The appellants also argue that since the original of the will is in
existence and available, the duplicate (Exh. A-1) is not entitled to probate.
Since they opposed probate of the original because it lacked one signature
in its third page, it is easily discerned that oppositors-appellants run here
into a dilemma: if the original is defective and invalid, then in law there is no
other will but the duly signed carbon duplicate (Exh. A-1), and the same is
probatable. If the original is valid and can be probated, then the objection to
the signed duplicate need not be considered, being superfluous and
irrelevant.
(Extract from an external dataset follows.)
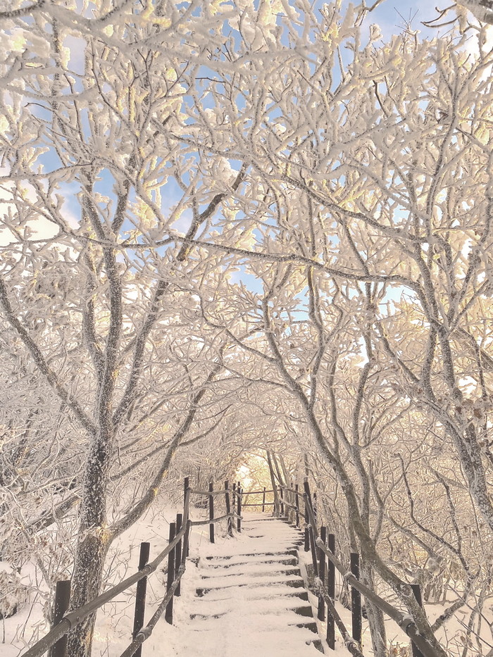 [세계타임즈 이진화 기자]부영그룹 무주덕유산리조트가 있는 무주덕유산 일대는 최근 상고대들이 만들어낸 눈꽃이 절정을 이루고 있다. 설천봉부터 정상 상고대까지 펼쳐진 설경은 이곳을 찾는 방문객들의 감탄을 자아내고 있다.

At any rate, said duplicate, Exhibit A-1, serves to prove that the
omission of one signature in the third page of the original testament was
inadvertent and not intentional.
That the carbon duplicate, Exhibit A-1, was produced and admitted
without a new publication does not affect the jurisdiction of the probate
court, already conferred by the original publication of the petition for
probate. The amended petition did not substantially alter the one first filed,
but merely supplemented it by disclosing the existence of the duplicate, and
no showing is made that new interests were involved (the contents of Exhibit
A and A-1 are admittedly identical); and appellants were duly notified of the
proposed amendment. It is nowhere proved or claimed that the amendment
deprived the appellants of any substantial right, and we see no error in
admitting the amended petition.
IN VIEW OF THE FOREGOING, the decision appealed from is affirmed,
with costs against appellants.
Bengzon, C.J., Padilla, Bautista Angelo, Labrador, Concepcion, Paredes,
Regala and Makalintal, JJ., concur.
Barrera and Dizon, JJ., took no part.